A recently published follow-up research article has reported that the blood pressure-lowering drugs, statins and antihypertensives do not decrease the risk of Cardiovascular Disease among patients with an intermediate risk


A recently-conducted randomized trial called the Heart Outcomes Prevention Evaluation -3 trial (HOPE-3) had claimed that the usage of two types of blood pressure lowering drugs, statins (cholesterol-lowering drugs) and antihypertensives (blood pressure-reducing drugs), decreases the risk of Cardiovascular Disease in adult patients categorized as having an intermediate risk. Contrarily, a new follow-up research article published in the British Medical Journal reports that statins and antihypertensives do not, in fact, reduce the risk of Cardiovascular Disease in patients with an intermediate risk.

To explore the effects of both types of drugs, researchers used a randomized controlled trial design and assigned participants into 2 groups: one group to receive a placebo and the other group to receive the active treatment (blood pressure-lowering drugs) over the course of several years.

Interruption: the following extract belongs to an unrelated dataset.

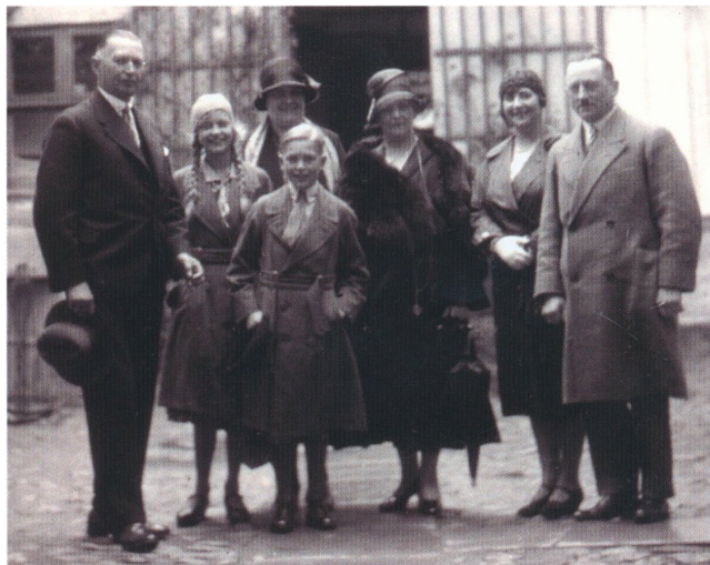
Familiefoto fra gården Slotsgade 3, ca. 1932. 6

skrevet til Neu-Mönster men ikke erholdt nogen Svend og har neppe nogen Tro til at faae nogen derfra. Skulde det imidlertid skee, da har jeg en Væv i Arbeide. Som De ved er min Hensigt at udvide mit Lille Fa-
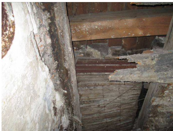
Propadlý zákop chodby před dveřmi z místnosti 1.11

Z uvedeného důvodu doporučujeme s ohledem na bezpečnost návštěvníků v uvedeném místě ihned zabránit pohybu osob pod stropem i na něm , což platí i pro současně užívanou obchozí prohlídkovou trasu přes lampovnu. Strop pod chodbou před dveřmi z místnosti 1.11 má rovněž propadlý zákop, který se opírá o zcela destruovaný trám podhledu. Strop je i zde v havarijním stavu, protože nosná konstrukce prakticky chybí. Její funkci plní pouze nevyztužená betonová vrstva podlahy svým klenebným účinkem. Tloušťka betonu je pouze cca 0,09m.

During the study, 260 (4.1%) of patients within the active treatment group died from Cardiovascular Disease or suffered a non-fatal heart attack or stroke in comparison to 279 (4.4%) patients in the placebo group.

Researchers of this study concluded that the decrease in the mean blood pressure was only insignificantly greater within the active treatment group versus the placebo group (6.0/3.0mm Hg). Moreover, the authors add that neither of the drugs used in the trial have ever been demonstrated to lower the risk of Cardiovascular Disease at such low doses. They also add that these study results do not mean that there is no possibility that a portion of this low-risk population could benefit from longer treatment with blood pressure-lowering drugs.